Добавить в цитаты Настройки чтения

Страница 57 из 95

Но дождался-таки Даня. Тронул его кто мягкой лапкой на выходе из леса: остановись, мол, погоди. Отговорился мальчонка перед наставницей, что хочет еще на одну полянку забежать, проверить, как дела, да и помчался обратно по тропочке к бурелому приметному. Словно магнитом его туточки тянуло. Прибежал, огляделся да и присел на ствол поваленный — дожидаться.

Невольготно пока в лесу-то.

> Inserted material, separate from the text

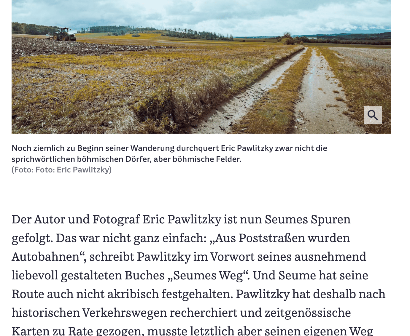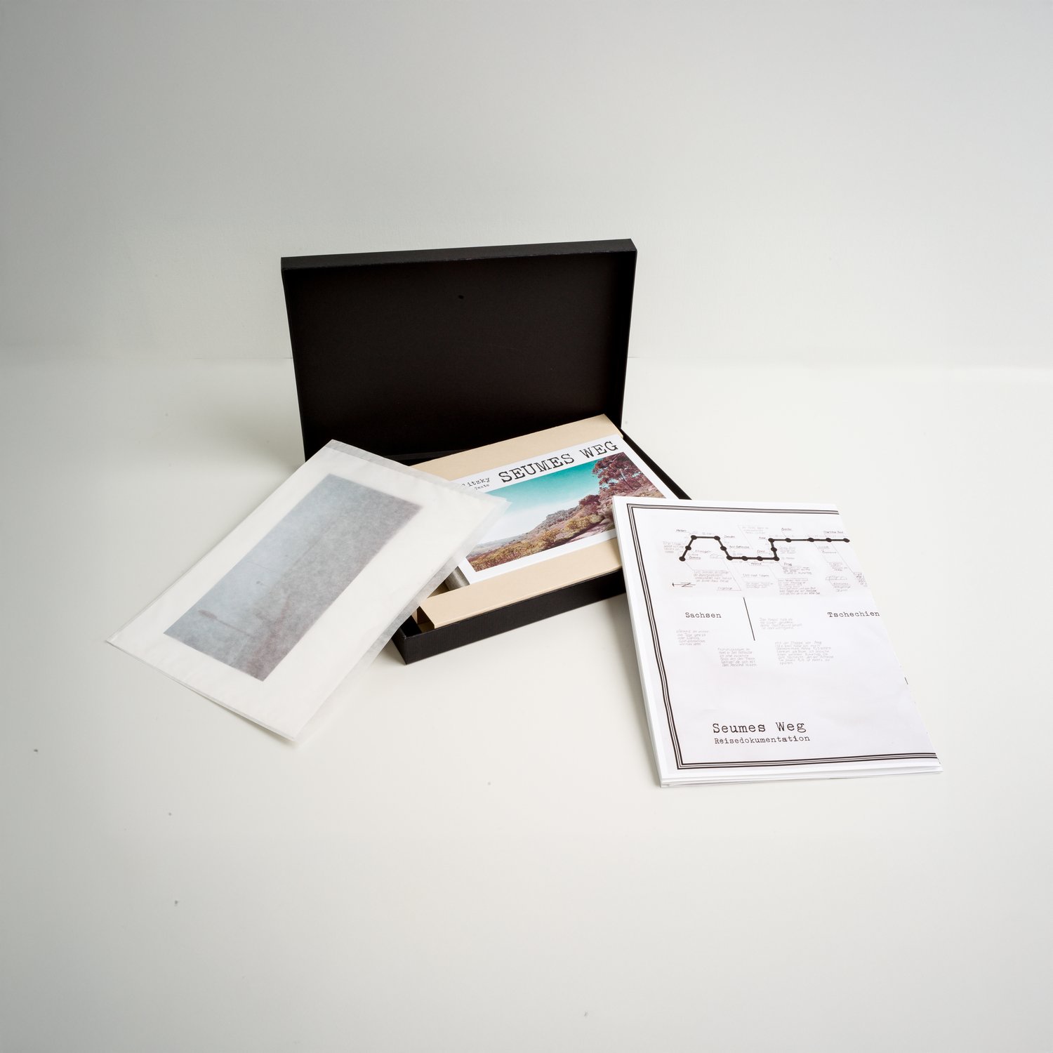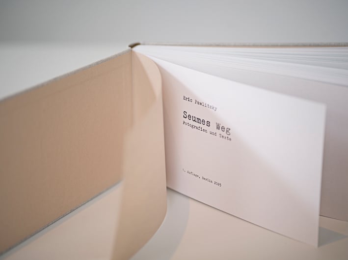 In SEUMES WEG reflektiert der Fotograf und Autor Eric Pawlitzky eine historische Wanderung über 2.160 km. Inspiriert wurde das Projekt durch Johann Gottfried Seumes Buch „Spaziergang nach Syrakus im Jahre 1802“. Damals reiste der sächsische Autor weitgehend zu Fuß von Grimma (südlich von Leipzig) bis ins sizilianische Syrakus. Eric Pawlitzky hat die damalige Reiseroute rekonstruiert und war drei Monate wandernd unterwegs. Er ging der Frage nach, was Seume heute gesehen hätte, und wie er das gegenwärtige Europa wahrgenommen hätte. In 95 farbigen Fotografien versucht er eine Rekonstruktion von Seumes Sehen. Zu jeder Fotografie hat er einen kurzen lyrischen Text verfasst, der die innere Welt des Autors während der Reise beschreibt. Das Buch meidet die verbreitete nüchterne Ästhetik von Bildbänden. Es handelt sich vielmehr um die Reproduktion des Arbeitsdummys des Autors, wodurch Spuren des Entstehungsprozesses in einer archivartigen Anmutung sichtbar werden.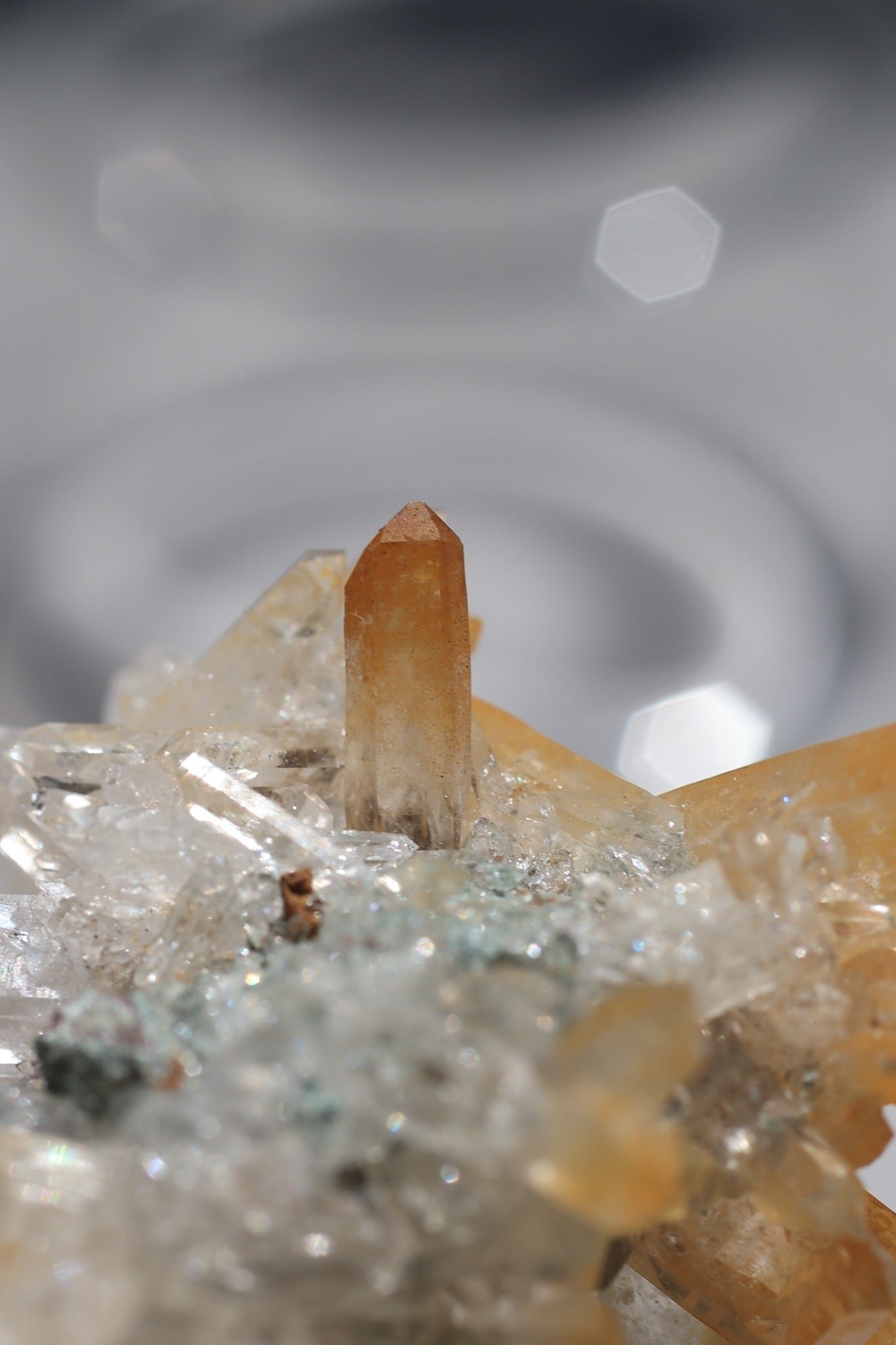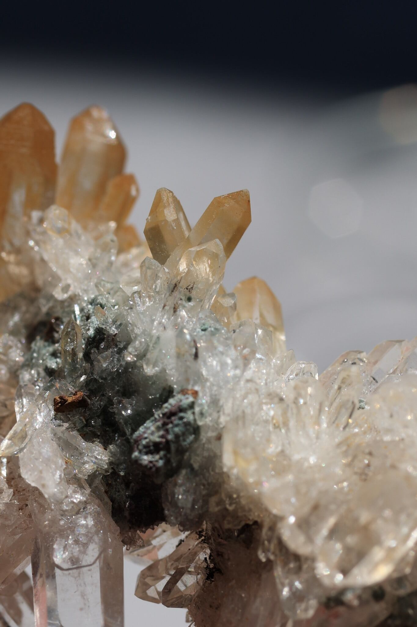 透明感のある結晶の中に、金色のベールがふんわりと溶け込んだような神秘的な輝き。

От сугробов ноздреватых, в корнях деревьев таящихся, холодом так и тянет. Хоть и последние, а словно последний рубеж держат, все никак отпустить не желают, все глубже в тени забираются, но не сдаются. Травка молоденькая еще коричневую, мертвячного вида сухую листву не забила. Ветви голые чернеются. А все ж таки — живой лес, настоящий и словно чем теплым изнутри, из сердцевины своей дышит. Как изразцы узорчатые на печке — печка давно остыла, а ладонями да пальцами к ним прижмешься — и тепло-тепло становится. Вот так и тут. Сидишь, на снег смотришь, а все равно теплом оглаживает.

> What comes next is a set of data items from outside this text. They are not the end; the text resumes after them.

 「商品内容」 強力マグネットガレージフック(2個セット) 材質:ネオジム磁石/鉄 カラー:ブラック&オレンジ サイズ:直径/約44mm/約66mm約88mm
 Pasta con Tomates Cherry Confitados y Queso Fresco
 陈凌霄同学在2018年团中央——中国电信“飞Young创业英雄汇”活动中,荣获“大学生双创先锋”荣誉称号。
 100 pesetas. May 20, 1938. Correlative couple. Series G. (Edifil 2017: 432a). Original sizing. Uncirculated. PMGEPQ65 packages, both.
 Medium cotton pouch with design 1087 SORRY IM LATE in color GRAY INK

— Здрав буди, молодой хозяин, — лесной батюшко появился внезапно, как из-под земли вынырнул, Данька даже вздрогнул чуток, но тут же подхватился и земно поклонился, как положено. Все ж таки, хоть и выглядит как человек с бородой зеленою, не простая нечисть, а сам хозяин леса. Его даже кикиморки побаивались копировать, завсегда лик попроще выбирали.

— Здравствуй, батюшка!

— Дай-ка я на тебя гляну, — загудел леший да принялся вертеть Даню, словно маленького, хоть и вытянулся он изрядно. — Хорош стал! — заявил лешак уверенно, на стволе устраиваясь да оставляя Даньку в недоумении. — Догадываюсь, зачем звал, — покивал лешак, с хитринкой поглядывая мальчонку. — Благодарность тебе велено передать.

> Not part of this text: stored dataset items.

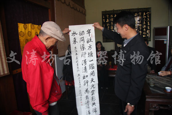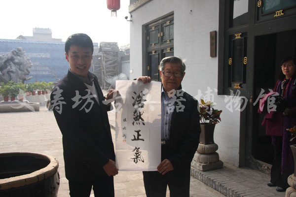 10月27日,中华大汉书艺协会理事长陈克谦、台北市长春书画学会理事长陈培新等一行参观文涛坊古兵器博物馆,并留墨宝“浩然正气”、《观书有感》。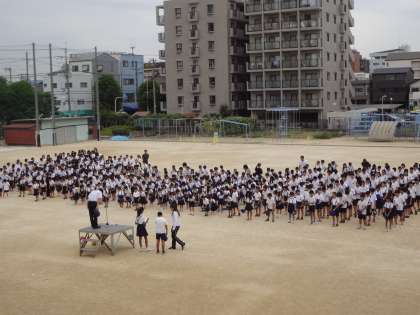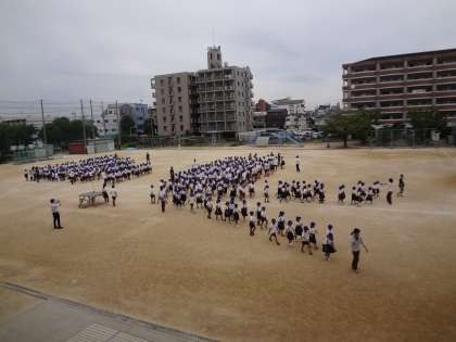 朝会後は、学級ごとにきちんと並んで行進し、教室までもどっています。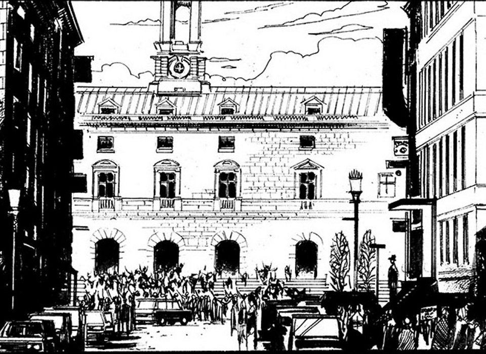 Sean Murphy, who moved to the city a year ago, used City Hall, weathered wharves, Old Port cobblestones and more to depict the fictional Gotham City.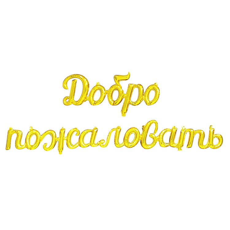 Фраза "ДОБРО ПОЖАЛОВАТЬ", изготовленная из полимерной фольгированной плёнки. Текст фразы состоит из трёх частей. Каждая часть содержит клапан и хвостики для подвешивания с отверстиями. Инструкция: 1) надуть каждую деталь воздухом с помощью входящей в комплект трубочки; 2) части соединить в слово при помощи клейких элементов (входят в комплект); 3) надутые элементы собрать в фразу при помощью входящей в комплект ленты. Размер грилянды в надутом виде с пробелами между слов 275см.

— Ох, хорошо-то как, божечки! — выдохнул Данька облегчением, улыбаясь — получилось! Не погиб тот, чужой леший! Не останется лес без хозяина! А ведь лес без хозяина — это беда. И травам, и зверью плохо, и людям. Некоторые думают, что без лешака можно будет безбоязненно в лес ходить, деревья рубить, зверье ловить, однако же даже мыслишки не возникает, что без хозяев все зверье лесной между собой перессорится да подерется. Вот наладились две птичьи семьи на одно дерево, ругаются, отношения выясняют, чириканье стоит да перья летят. Кто их запросто успокоит? Токо лешак — и приструнит, и поругает, и разведет. А ежели вот так не одна семья птичья, а все? А если не токо птицы? Тут и призадумаешься. Или вот, что будет, если вырубят излишне лес? Если ему не помочь, то умрет лес. Да и травок настоящих лечебных — тож не будет. Так что пользителен леший для всех.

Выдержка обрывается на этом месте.